- [DIRECTIONS FOR THIS TASK]: Report, as a number alone, how many lines below contain the string "these".

- [GIVEN DATA]:

▽

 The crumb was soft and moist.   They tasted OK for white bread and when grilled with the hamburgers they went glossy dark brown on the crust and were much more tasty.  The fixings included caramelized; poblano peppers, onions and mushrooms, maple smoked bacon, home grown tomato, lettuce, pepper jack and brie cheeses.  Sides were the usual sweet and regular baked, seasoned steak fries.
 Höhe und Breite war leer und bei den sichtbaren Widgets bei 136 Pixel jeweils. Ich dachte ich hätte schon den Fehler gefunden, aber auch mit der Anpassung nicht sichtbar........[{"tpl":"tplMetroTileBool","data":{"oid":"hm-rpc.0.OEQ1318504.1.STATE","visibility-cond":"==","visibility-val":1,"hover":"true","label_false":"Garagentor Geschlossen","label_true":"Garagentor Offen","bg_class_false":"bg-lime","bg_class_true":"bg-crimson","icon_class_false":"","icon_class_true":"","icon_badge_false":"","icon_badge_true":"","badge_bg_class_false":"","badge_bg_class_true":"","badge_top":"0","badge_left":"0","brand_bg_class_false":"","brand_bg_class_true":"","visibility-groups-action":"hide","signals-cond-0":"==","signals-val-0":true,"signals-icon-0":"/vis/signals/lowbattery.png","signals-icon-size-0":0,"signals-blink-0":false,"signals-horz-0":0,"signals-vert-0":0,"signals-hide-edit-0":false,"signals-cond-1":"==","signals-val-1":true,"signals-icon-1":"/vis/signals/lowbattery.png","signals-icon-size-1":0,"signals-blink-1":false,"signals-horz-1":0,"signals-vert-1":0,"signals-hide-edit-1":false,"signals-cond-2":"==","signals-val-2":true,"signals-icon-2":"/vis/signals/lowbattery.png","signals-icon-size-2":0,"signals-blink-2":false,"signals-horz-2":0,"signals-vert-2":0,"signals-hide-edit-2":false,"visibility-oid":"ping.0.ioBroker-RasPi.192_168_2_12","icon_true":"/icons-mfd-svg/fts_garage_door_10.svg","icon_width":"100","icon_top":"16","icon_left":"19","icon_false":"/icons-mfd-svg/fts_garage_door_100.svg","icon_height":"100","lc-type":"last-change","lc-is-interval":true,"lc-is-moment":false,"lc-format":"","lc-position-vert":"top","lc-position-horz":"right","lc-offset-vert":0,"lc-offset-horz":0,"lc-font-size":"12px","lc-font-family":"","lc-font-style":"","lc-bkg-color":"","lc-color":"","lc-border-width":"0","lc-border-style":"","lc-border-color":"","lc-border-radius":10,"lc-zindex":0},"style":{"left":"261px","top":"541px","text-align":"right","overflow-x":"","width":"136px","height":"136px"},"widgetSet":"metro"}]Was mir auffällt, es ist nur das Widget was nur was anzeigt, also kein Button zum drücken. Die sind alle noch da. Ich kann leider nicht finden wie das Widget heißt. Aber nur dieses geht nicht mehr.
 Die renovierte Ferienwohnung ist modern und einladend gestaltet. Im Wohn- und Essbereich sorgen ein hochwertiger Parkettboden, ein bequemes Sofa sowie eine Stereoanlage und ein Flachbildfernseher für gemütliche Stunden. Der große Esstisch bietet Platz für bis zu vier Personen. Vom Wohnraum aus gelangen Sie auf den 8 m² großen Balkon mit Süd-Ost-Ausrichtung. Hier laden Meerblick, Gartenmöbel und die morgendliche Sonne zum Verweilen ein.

△
▽

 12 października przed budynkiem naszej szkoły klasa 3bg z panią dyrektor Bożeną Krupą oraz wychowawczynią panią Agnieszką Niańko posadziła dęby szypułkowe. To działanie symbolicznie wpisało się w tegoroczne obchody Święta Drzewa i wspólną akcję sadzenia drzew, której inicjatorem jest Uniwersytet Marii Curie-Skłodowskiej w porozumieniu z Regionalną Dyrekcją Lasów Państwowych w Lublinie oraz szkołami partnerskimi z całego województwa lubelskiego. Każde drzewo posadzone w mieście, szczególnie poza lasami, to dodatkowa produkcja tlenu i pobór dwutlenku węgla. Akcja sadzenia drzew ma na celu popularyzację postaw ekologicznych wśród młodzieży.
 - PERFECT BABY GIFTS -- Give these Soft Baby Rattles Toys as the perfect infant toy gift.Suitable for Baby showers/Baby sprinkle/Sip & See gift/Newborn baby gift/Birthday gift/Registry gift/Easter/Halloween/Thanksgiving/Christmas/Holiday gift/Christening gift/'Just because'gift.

△
▽

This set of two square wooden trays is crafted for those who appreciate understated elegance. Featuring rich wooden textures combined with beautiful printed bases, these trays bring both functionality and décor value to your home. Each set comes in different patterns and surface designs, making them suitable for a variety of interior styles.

△

- [REPLY]: 2